We encourage everyone, globally, if they have ever had the slightest inkling now is the time to visit the Kimberley. The region is a biodiversity hotspot with a high number of species not found anywhere else in the world. The abundance of wildlife is something to be experienced, sitting under a tree delivers hours of entertainment watching the antics and interactions of butterflies, ants, small skinks, dragons, lizards, finches, birds of prey, quolls and bandicoots, to name only a few, each ecological community is different by day and by night.

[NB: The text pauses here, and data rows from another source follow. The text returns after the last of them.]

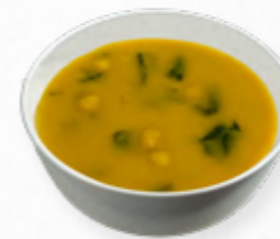
SOPA DE GRÃO COM ESPINAFRES 514.0005 BAG 2L
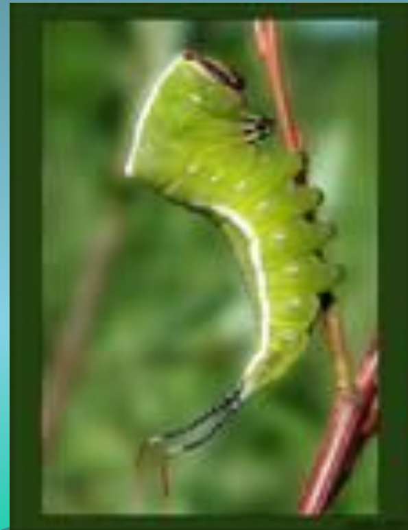
Гусеница большой гарпии
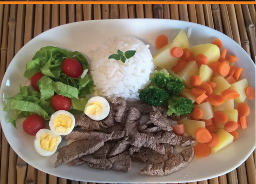
Carninha com legumes R$ 34,00 arroz, legumes e saladinha
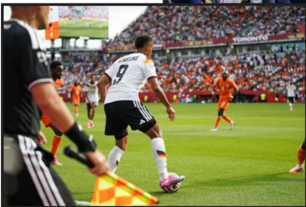
Swoje problemy mają na amerykańskim mundialu sędziowie, piłkarze i... dziennikarze.
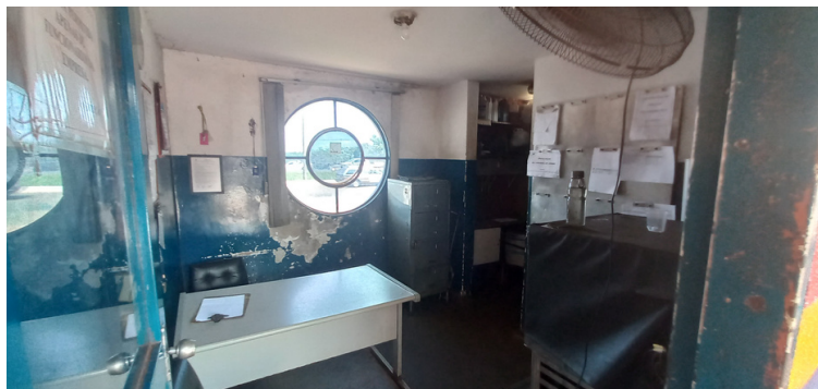
Foto 3 - Sala do administrativo isento da devida comodidade térmica, aparência desagradável e mobiliário insuficiente
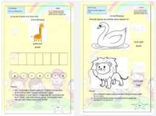
Gambar 8 Desain LKA Hewan
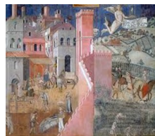
ROTARY: IL BENE COMUNE

Web: www.rotarymiaquileia.it Facebook: https://www.facebook.com/rotaryclubmilanoaquileia
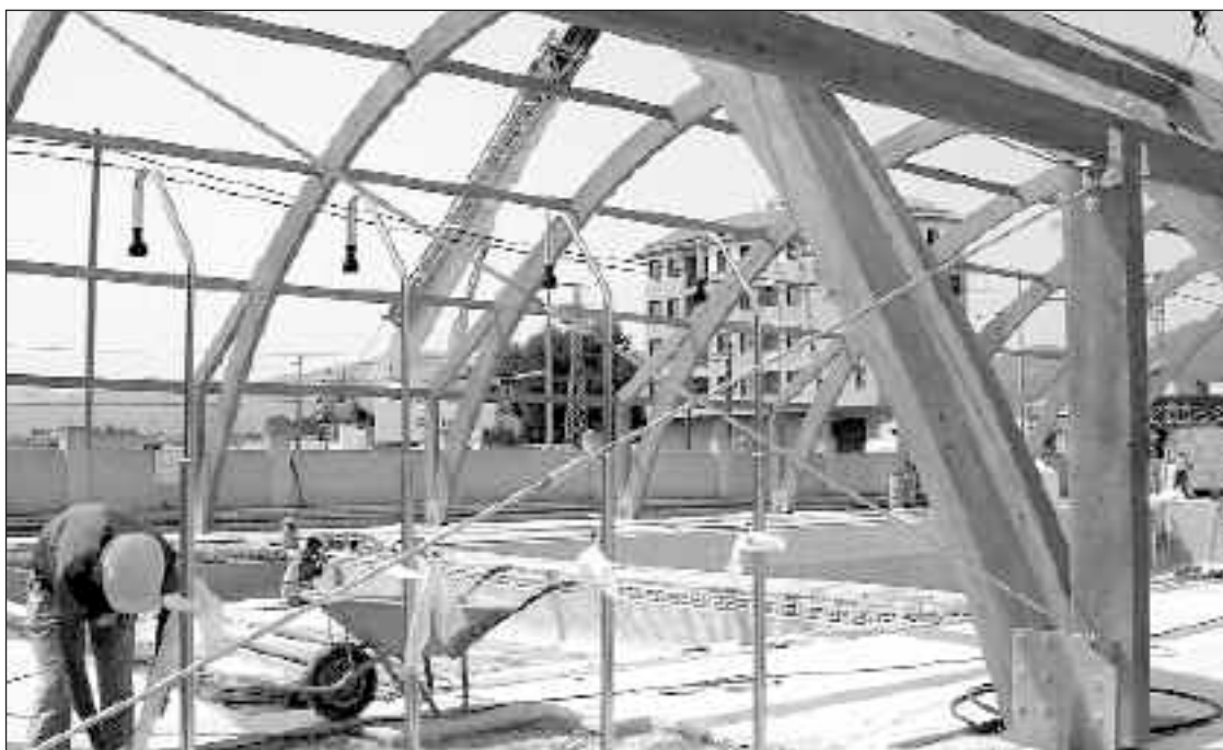
La estructura que será cubierta por una membrana ya está totalmente montada

El día de la apertura está prevista una jornada de puertas abiertas

This is a critical component of Kimberley Toad Busters ‘What’s in Your Backyard?’ biodiversity survey program, www.canetoads.com.au/bio.htm and currently funded by Caring for our Country. The program has received huge response from people across the Kimberley since its launch in January 2009. As a community we are trying to ‘put a number’ on the wildlife now present and identify changes overtime with the arrival of cane toads and other environmental impacts including fire management and habitat fragmentation. Kimberley Toad Busters would love to extend an invitation to participate in the ‘What’s in Your Backyard?’ program to everyone across Northern Australia, perhaps then we can supply more of the quantitative information required to inform the TAP. Australia faces an ever increasing number of environmental issues. We are not going to overcome these issues with government and science alone, community needs to be included.